> WHAT THE EXERCISE ASKS:
Copy, exactly and without additions, every line in the records below from the one holding "a heart pattern." through the one holding "Я не могу утверждать, что", both ends included.

> EXERCISE DATA:
* * * * * * * * *

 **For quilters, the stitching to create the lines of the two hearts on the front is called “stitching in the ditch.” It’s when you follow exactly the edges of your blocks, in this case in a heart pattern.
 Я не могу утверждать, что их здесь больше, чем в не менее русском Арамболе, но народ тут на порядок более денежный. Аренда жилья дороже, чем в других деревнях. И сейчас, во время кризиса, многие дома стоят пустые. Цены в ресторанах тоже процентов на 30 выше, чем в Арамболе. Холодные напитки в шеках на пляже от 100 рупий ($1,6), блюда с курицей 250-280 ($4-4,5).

* * * * * * * * *

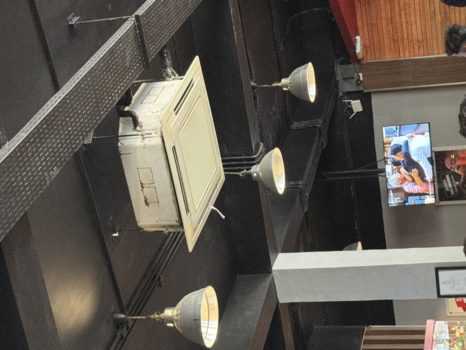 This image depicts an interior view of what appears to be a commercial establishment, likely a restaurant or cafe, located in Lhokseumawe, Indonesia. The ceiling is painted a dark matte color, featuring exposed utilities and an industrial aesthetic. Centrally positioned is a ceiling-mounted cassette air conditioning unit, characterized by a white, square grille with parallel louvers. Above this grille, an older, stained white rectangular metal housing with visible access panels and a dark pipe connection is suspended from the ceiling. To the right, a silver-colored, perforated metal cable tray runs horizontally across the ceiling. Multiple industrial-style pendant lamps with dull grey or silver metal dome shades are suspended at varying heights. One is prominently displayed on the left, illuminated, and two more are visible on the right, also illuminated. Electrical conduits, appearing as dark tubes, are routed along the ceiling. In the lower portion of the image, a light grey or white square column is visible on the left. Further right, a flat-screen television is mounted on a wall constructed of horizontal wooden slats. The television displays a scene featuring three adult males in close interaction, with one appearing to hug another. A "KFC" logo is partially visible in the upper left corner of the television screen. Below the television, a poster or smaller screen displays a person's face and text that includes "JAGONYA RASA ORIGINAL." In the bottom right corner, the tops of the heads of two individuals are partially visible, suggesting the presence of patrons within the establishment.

* * * * * * * * *

> YOUR RESPONSE:
 **For quilters, the stitching to create the lines of the two hearts on the front is called “stitching in the ditch.” It’s when you follow exactly the edges of your blocks, in this case in a heart pattern.
 Я не могу утверждать, что их здесь больше, чем в не менее русском Арамболе, но народ тут на порядок более денежный. Аренда жилья дороже, чем в других деревнях. И сейчас, во время кризиса, многие дома стоят пустые. Цены в ресторанах тоже процентов на 30 выше, чем в Арамболе. Холодные напитки в шеках на пляже от 100 рупий ($1,6), блюда с курицей 250-280 ($4-4,5).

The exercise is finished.